» **Exercise prompt**
Where the data below shows a picture, leave that picture out and copy the rest exactly.

##### Provided data #####

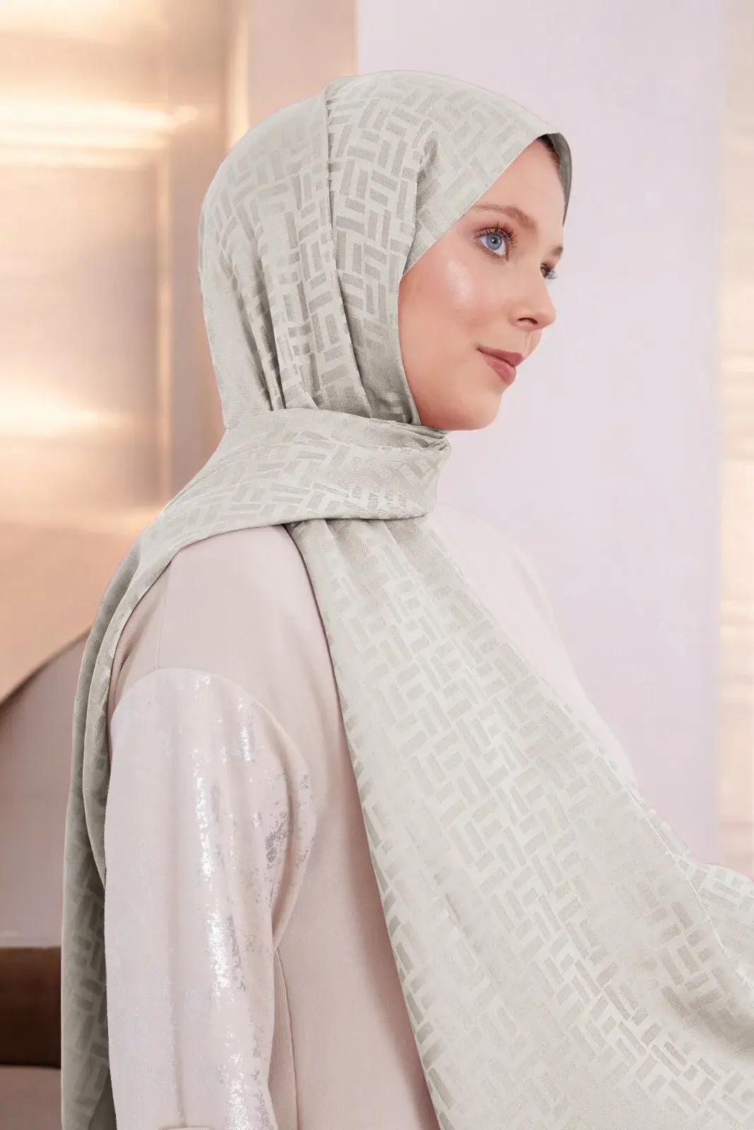 Kadın Dikdörtgen Desen Tesettür Blue Jakar Şal Kırık Beyaz
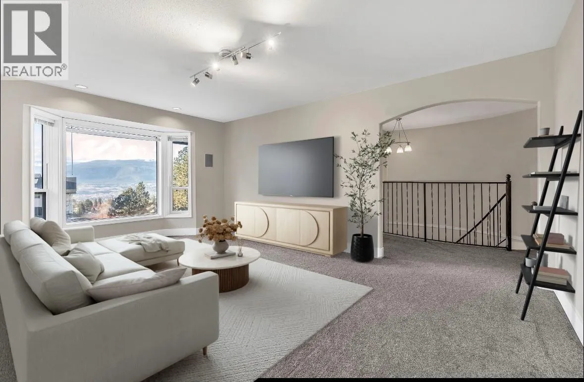 Located on a quiet cul-de-sac in desirable Upper Columbia. With 3,200 sq. ft. of living space, itâs an excellent fit for growing families. A large foyer with a curved stairwell leads you to the main level, where youâll find a spacious kitchen with a fireplace and sitting area, a formal dining room, a generous rec room, and a convenient 2-piece bathroom. From the front deck, you can take in beautiful Okanagan Lake views The top floor offers three generously sized bedrooms, a 4-piece bathroom, and a roomy primary suite complete with a 3-piece ensuite and walk-in closet. Recent updates include new carpet, paint, baseboards and trim, furnace, A/C, hot water tank, gutters, and metal roof. The lower level is ideal for extended family or guests, featuring an in-law suite with a separate entrance, 1 bedroom plus den, and a 4-piece bathroom. Close to Columbia Elementary School and nearby recreation, this home combines space, comfort, and convenience in a sought-after neighborhood. Quick Possession Available !! (id:27476)
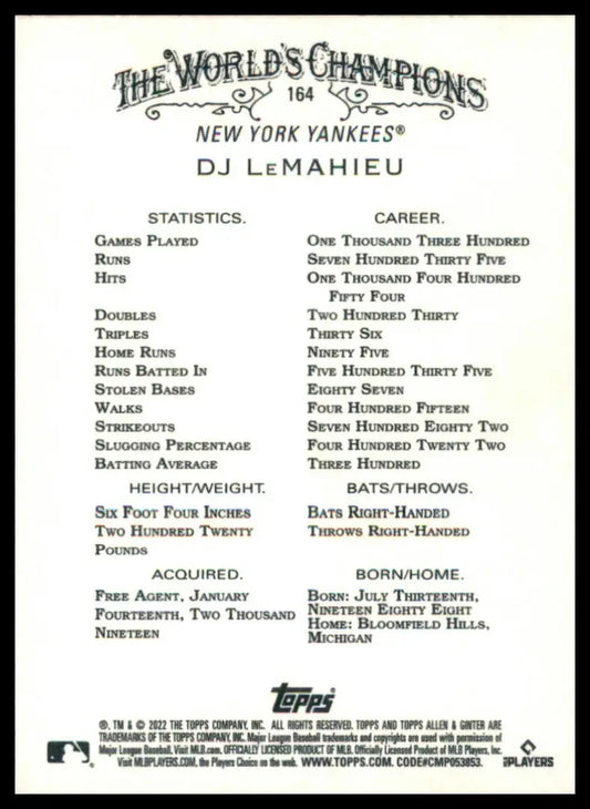 DJ LeMahieu 2022 Topps Allen & Ginter Chrome #164 New York Yankees
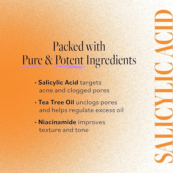 - NATURAL FORMULA: Packed full of powerful natural ingredients: Salicylic Acid, a beta hydroxy acid, helps skin cells shed more easily. Tea Tree Oil, Willow Bark Extract, calming Lavender, and Chamomile help to unclog pores and minimize redness
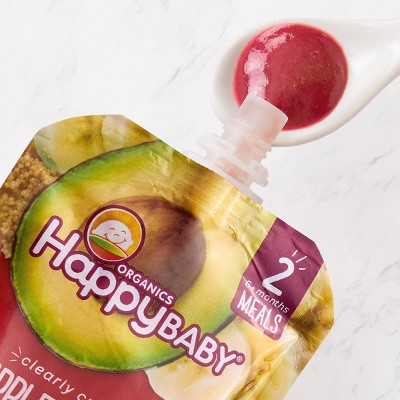 Happy baby purple carrots, bananas, avocados and quinoa baby food is clearly crafted and made with nutrition in mind. this baby food pouch is made with responsibly sourced, organic, kosher and non-gmo ingredients. one pouch can provide 2 meals to your 6+ month baby. clear packaging is used so you can see exactly what is feeding your childs nutrition. not only is this pouch full of natural flavor, but its also fat free. includes one 4 oz. pouch of baby food. at happy baby, we are dedicated to health and nutrition starting at day one. we know our farmers and see where our ingredients come from. we are the first baby food company to use clear packaging.

#####

» **Solution below**
 Kadın Dikdörtgen Desen Tesettür Blue Jakar Şal Kırık Beyaz
 Located on a quiet cul-de-sac in desirable Upper Columbia. With 3,200 sq. ft. of living space, itâs an excellent fit for growing families. A large foyer with a curved stairwell leads you to the main level, where youâll find a spacious kitchen with a fireplace and sitting area, a formal dining room, a generous rec room, and a convenient 2-piece bathroom. From the front deck, you can take in beautiful Okanagan Lake views The top floor offers three generously sized bedrooms, a 4-piece bathroom, and a roomy primary suite complete with a 3-piece ensuite and walk-in closet. Recent updates include new carpet, paint, baseboards and trim, furnace, A/C, hot water tank, gutters, and metal roof. The lower level is ideal for extended family or guests, featuring an in-law suite with a separate entrance, 1 bedroom plus den, and a 4-piece bathroom. Close to Columbia Elementary School and nearby recreation, this home combines space, comfort, and convenience in a sought-after neighborhood. Quick Possession Available !! (id:27476)
 DJ LeMahieu 2022 Topps Allen & Ginter Chrome #164 New York Yankees
 - NATURAL FORMULA: Packed full of powerful natural ingredients: Salicylic Acid, a beta hydroxy acid, helps skin cells shed more easily. Tea Tree Oil, Willow Bark Extract, calming Lavender, and Chamomile help to unclog pores and minimize redness
 Happy baby purple carrots, bananas, avocados and quinoa baby food is clearly crafted and made with nutrition in mind. this baby food pouch is made with responsibly sourced, organic, kosher and non-gmo ingredients. one pouch can provide 2 meals to your 6+ month baby. clear packaging is used so you can see exactly what is feeding your childs nutrition. not only is this pouch full of natural flavor, but its also fat free. includes one 4 oz. pouch of baby food. at happy baby, we are dedicated to health and nutrition starting at day one. we know our farmers and see where our ingredients come from. we are the first baby food company to use clear packaging.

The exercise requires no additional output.